I was playing around with some equations and noticed the following: Let $A$ be an element of $SU(3)$ with components $A_{ij}$. If $C_{ij}$ is the $(i,j)$ cofactor of $A$ then $C_{ij} = \overline{A_{ij}}$.
Now this is probably not surprising. Since $A \in SU(3)$ we know that its rows and columns form an orthonormal basis for $\mathbb C^3$, so that $$ |A_{i1}|^2 + |A_{i2}|^2 + |A_{i3}|^2 = |A_{1j}|^2 + |A_{2j}|^2 + |A_{3j}|^2 = 1, \qquad \text{ for all } i,j \in \{1,2,3\}.$$ Furthermore, since $\det A = 1$, the cofactor expansion of the determinant tells us that for any $i,j$ \begin{align} 1 &= A_{i1} C_{i1} + A_{i2} C_{i2} + A_{i3}C_{i3} \\ &= A_{1j}C_{1j} + A_{2j}C_{2j} + A_{3j}C_{3j}, \tag{1} \end{align} and this corresponds to the fact that the determinant is invariant under choice of expansion.
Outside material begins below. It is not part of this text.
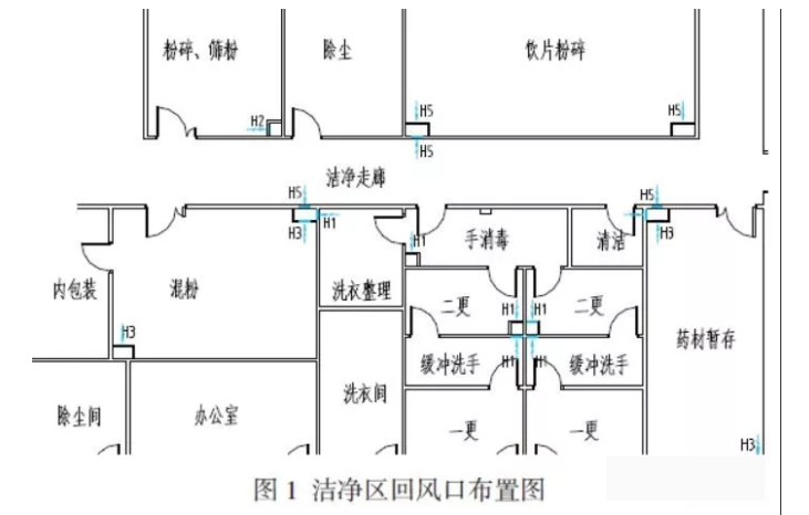 所以,在設計潔凈空調時,許多設計師也是出于這種理念,對潔凈室回風口布置的極為隨意,找空余墻角或墻邊布置上就行,完全不考慮室內氣流流向對工藝操作面的影響,使得潔凈室失去了意義。有的設計中回風口設于單向流潔凈工作臺旁,室內其它區域污染空氣流向潔凈工作臺,嚴重影響受保護區;有的設計回(排)風口又遠離產生污染的工藝設備(如粉碎機等),是的這些工藝設備產生的污染空氣流到相對潔凈區域甚至全潔凈室。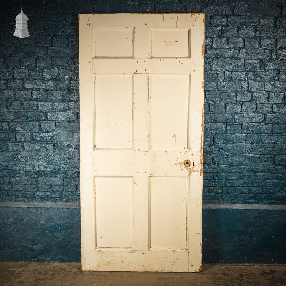 A reclaimed moulded 6 panel door with a classic panel layout. Lock present, hinges and handles not included. Holes remain from removed hardware. Distressed white on one side and brown on the reverse. Knocks, scuffs and wear in keeping with the age of the product. Check listing images for condition.

If $C_{ij} = \overline{A_{ij}}$ then everything works out nicely, but it seems reasonable to expect that there could be other solutions to $(1)$. Perhaps the fact that so many equations need to be simultaneously satisfied enforces a rigidity condition?
In any case, I came across this fact via a rather complicated computation (there are bundles and tori involved), but it seems to me to be sufficiently elementary and fundamental that a much simpler proof should exist, and should generalize to $SU(n)$. Maybe I'm just being foolish, but I cannot seem to see it.
We have $A^\ast = A^{-1} = \frac{\operatorname{adj}(A)}{\det(A)} = \operatorname{adj}(A)$. Taking transpose on both sides, we obtain $\bar{A} = \operatorname{adj}(A)^\top$. Hence $\bar{A}_{ij}=C_{ij}$.